Churches, groups come together to help homeless teens
by Scott Noble

BROOKLYN CENTER/BROOKLYN PARK — The Jones family is doing fine. One day, the dad loses his job. They are making it work until mom has a health crisis. Soon their house gets foreclosed on, and they move in with the Johnsons—for a short time until things gets better.

There are now eight people living under the same roof. Again, the families are making it work, until a relative of the Johnsons calls and asks if their family can move in too—albeit for a short time—until the dad finds another job.

As the house gets more crowded and often more complicated, the first casualties of this new living arrangement are usually older teens, who are commonly asked or decide on their own to leave because, being older, they can at least nominally take care of themselves.
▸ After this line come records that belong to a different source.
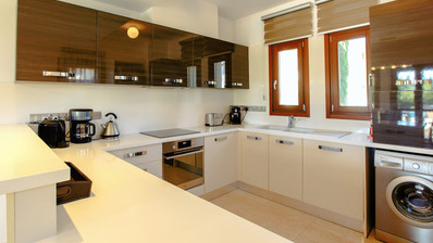 As you step through the impressive entrance, you'll find yourself in the spacious open plan living and dining area. French doors gracefully open onto the pool terrace, seamlessly merging the indoor and outdoor spaces. The lounge area is exquisitely furnished with a plush sofa, comfortable armchair, and a large flat-screen TV. The tastefully chosen accessories, including a designer coffee table and captivating wall art, add a touch of uniqueness to the space. Adjacent to the lounge is a modern dining area with an elegant dining table and chairs, perfectly complemented by a practical sideboard. Separated by this sideboard, the kitchen features sleek high-gloss units and is equipped with top-of-the-line appliances such as an electric oven and hob, integrated dishwasher, washing machine, and microwave. Additionally, a conveniently located cloakroom is situated on the ground floor.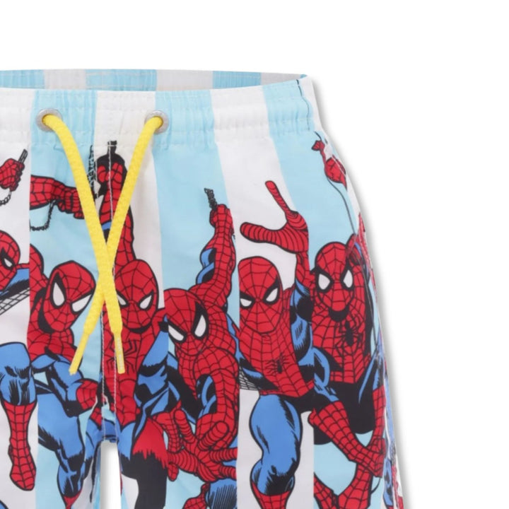 The Boy Spider-Man Logo Print Swim Shorts from MC2 Saint Barth feature a bold Spider-Man logo design and are made from quick-drying fabric for ultimate comfort. With an elastic waistband for a secure fit, these swim shorts are perfect for any young superhero to enjoy the pool or beach in style.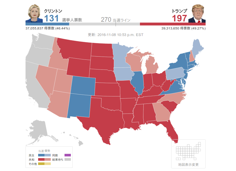 8日(日本時間9日)に投開票の米大統領選は、激戦州の一つと目されていたオハイオ州で共和党のドナルド・トランプ候補の勝利が確実となった。これまでの選挙人獲得数はトランプ候補が164人、民主党のヒラリー・クリントン候補が109人。過半数は270人。米大統領選:オハイオでトランプ氏勝利 選挙人164人に - 毎日新聞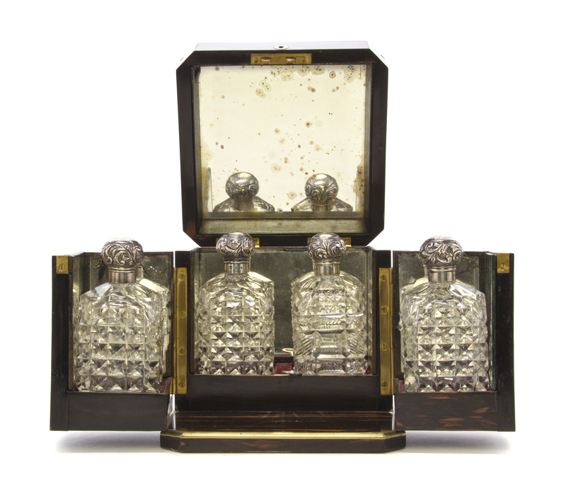 having a hinged top and sides opening to four cut glass bottles with silver caps, London 1892, bearing a maker's mark of MC.

This scenario is a common precursor to the rising number of homeless teens nationally and in the Twin Cities, according to the Rev. Rachel Morey, pastor of Brooklyn Mosaic United Methodist Church in Brooklyn Center and one of the leaders of a community-based approach to dealing with teen homelessness in the Brooklyns (Brooklyn Center and Brooklyn Park).


Discovering a need
A couple of years ago, Morey was planting a church that would eventually become Mosaic. Organizers had already done much of the background work that goes into church planting, such as determining their target market, yet they hadn’t discovered exactly what God was calling them to do.
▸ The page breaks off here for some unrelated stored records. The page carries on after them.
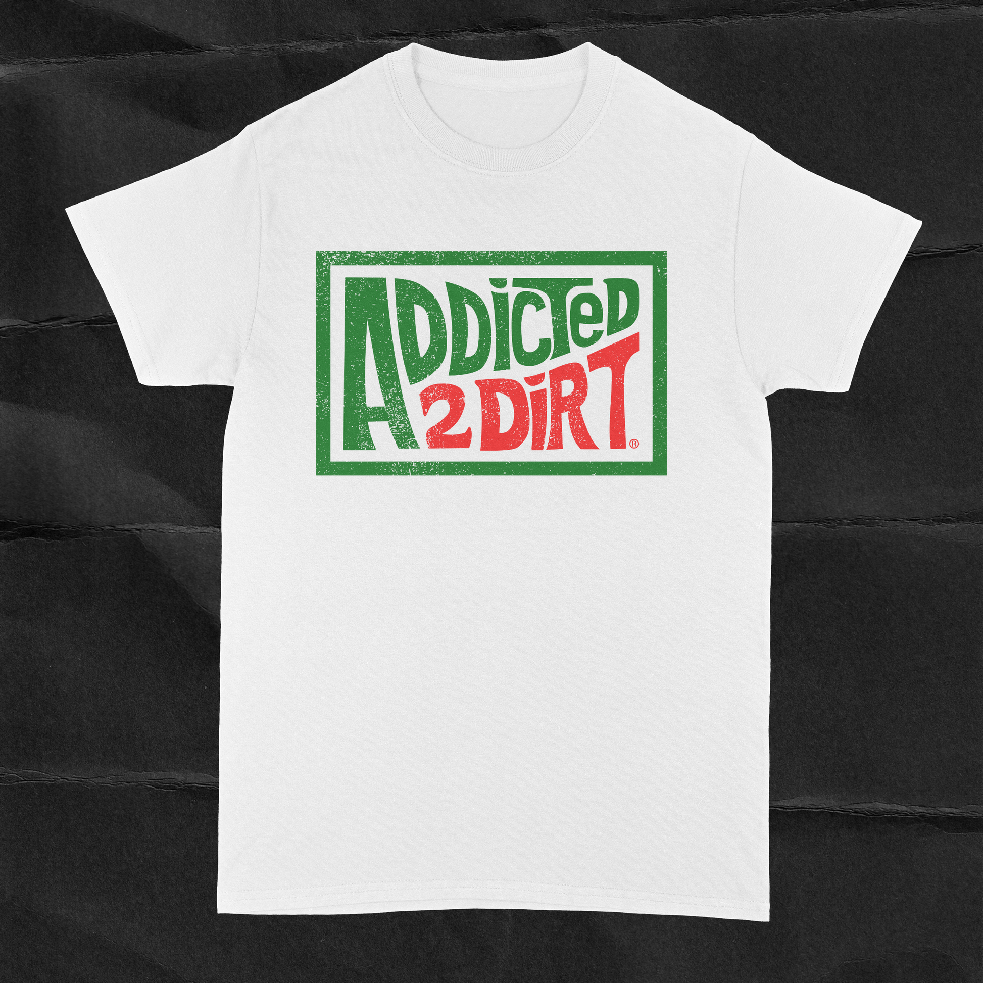 A throwback with dirt roots. The Dew the Dirt Tee is a nod to the classic Mountain Dew logo, reworked the Addicted 2 Dirt way. Featuring a bold front box logo with vintage-inspired style, this tee brings old school energy to modern dirt track culture. Built for race nights, pit hangs, and anywhere the lifestyle follows you.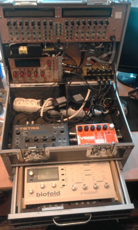 Sequencer box built inside a cheap Wisent tool box (from a recycling center). Contents: MBSEQv4, MBSIDv2 (with noise gate and SSM2044 filters), two sample players (one for mellotron and drum samples, another one for the drummer's tempo track), DSI Tetra, EHX V256 vocoder, Waldorf Blofeld, 2x Behringer MX400 mixers.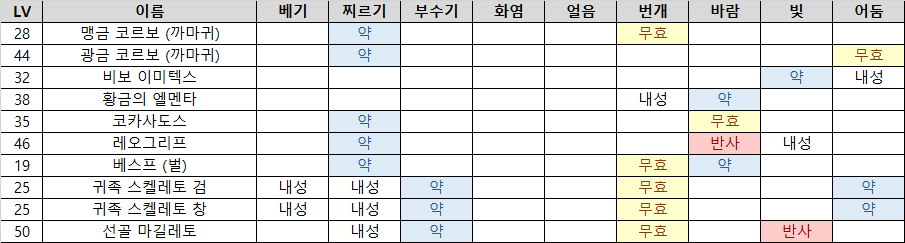 - 찌르기&화염 약점

“There was something that God was calling this new ministry start—with a handful of folks we had assembled at the time—to be about,” Morey said.
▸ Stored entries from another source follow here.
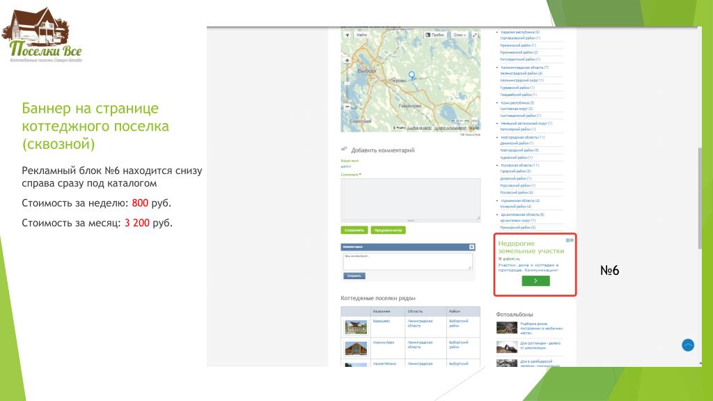 Баннер на странице коттеджного поселка (сквозной) Рекламный блок №6 находится снизу справа сразу под каталогом Стоимость за неделю: 800 руб. Стоимость за месяц: 3 200 руб. №6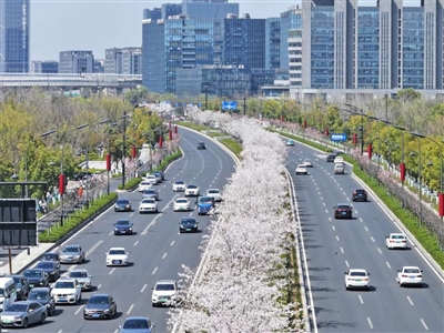 作为“最美景观大道”,文一西路道路中央绿化带全线种植了染井吉野高杆樱花730余株、红绯衣高杆樱花1900余株,非机动车隔离带种植了樱花1000余株,盛花期集中在3月下旬至4月初。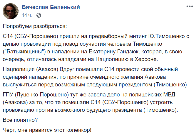 ГПУ (Луценко-Порошенко) тут же завела дело на полицейских МВД (Авакова) за то, что те помешали С14 (СБУ-Порошенко) устроить провокацию против возможного будущего президента (Тимошенко)".

She began talking with school officials, the local police, city employees and others who were willing to talk to her about the community.

“In the course of those conversations,” Morey recalled, “one thing kept rising to the top of the list of community issues, and that was the fact that we had youth who had no safe place to sleep at night. That [the] number of homeless youth was just skyrocketing. It was happening so fast, and the ground was shifting so fast under everyone’s feet that there wasn’t a real clear way to address it. There were no pieces in place, no real agencies that were set to address that specifically in our area.”

The Amherst H. Wilder Foundation found that in October of 2009, the time of its most recent study, more than 9,600 people—adults, children and youth—were homeless in the state. That was a 25 percent increase from the group’s 2006 study.

Nearly half of those identified as homeless were children, youth and young adults.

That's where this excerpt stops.